1 Prezbiterium, Łukasz; Bothe, Filip; Voituriez, Tancrede (2023): Raport o nierównościach klimatycznych 2023: World Inequality Lab. Online: https://wid.world/wp-content/uploads/2023/01/CBV2023-ClimateInequalityReport-3.pdf

2 https://www.sdgwatch.at/de/ueber-sdgs/

3 https://blogs.worldbank.org/developmenttalk/half-global-population-lives-less-us685-person-day

4 Pandemia zepchnęła dodatkowe 2020 milionów ludzi poniżej granicy ubóstwa w 70 roku, zwiększając liczbę do 719 milionów. Najbiedniejsze 40% światowej populacji straciło średnio 4%: swoich dochodów, najbogatsze 20% tylko 2%: https://www.worldbank.org/en/news/press-release/2022/10/05/global-progress-in-reducing-extreme-poverty-grinds-to-a-halt

5 ZBDollar, David & Kraay, Art (2002): „Wzrost jest dobry dla biednych”, Journal of Economic Growth, tom. 7, nie. 3, 195-225. https://www.jstor.org/stable/40216063

6 Zobacz nasz post https://at.scientists4future.org/2022/04/19/mythos-vom-gruenen-wachstum/

7 Vogel, Yefim; Steinberger, Julia K.; O'Neill, Daniel W.; Baranek, William F.; Krishnakumar, Jaya (2021): Społeczno-ekonomiczne warunki zaspokajania ludzkich potrzeb przy niskim zużyciu energii: międzynarodowa analiza zaopatrzenia społecznego. W: Global Environmental Change 69, s. 102287. DOI: 10.1016/j.gloenvcha.2021.102287.

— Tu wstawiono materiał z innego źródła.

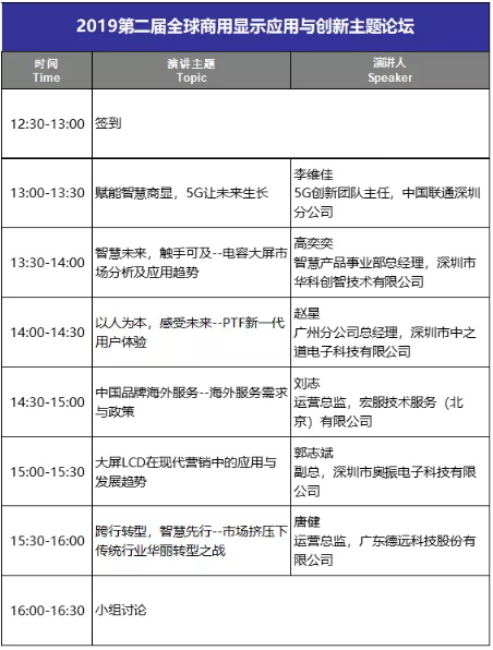 2019第二屆全球商用顯示應用與創新主題論壇

8 Coote A, Percy A 2020. Sprawa powszechnych usług podstawowych. John Wiley & Synowie.

9 https://www.equaltimes.org/polluting-cooking-methods-used-by?lang=en#.ZFtjKXbP2Uk

Ten post został stworzony przez Społeczność Option. Dołącz i opublikuj swoją wiadomość!

O WKŁADIE W OPCJĘ AUSTRIA


Napisane przez Marcin Auer

Urodzony w Wiedniu w 1951 roku, wcześniej muzyk i aktor, od 1986 niezależny pisarz. Wielorakie nagrody i wyróżnienia, w tym tytuł profesora w 2005 roku. Studiował antropologię kulturową i społeczną.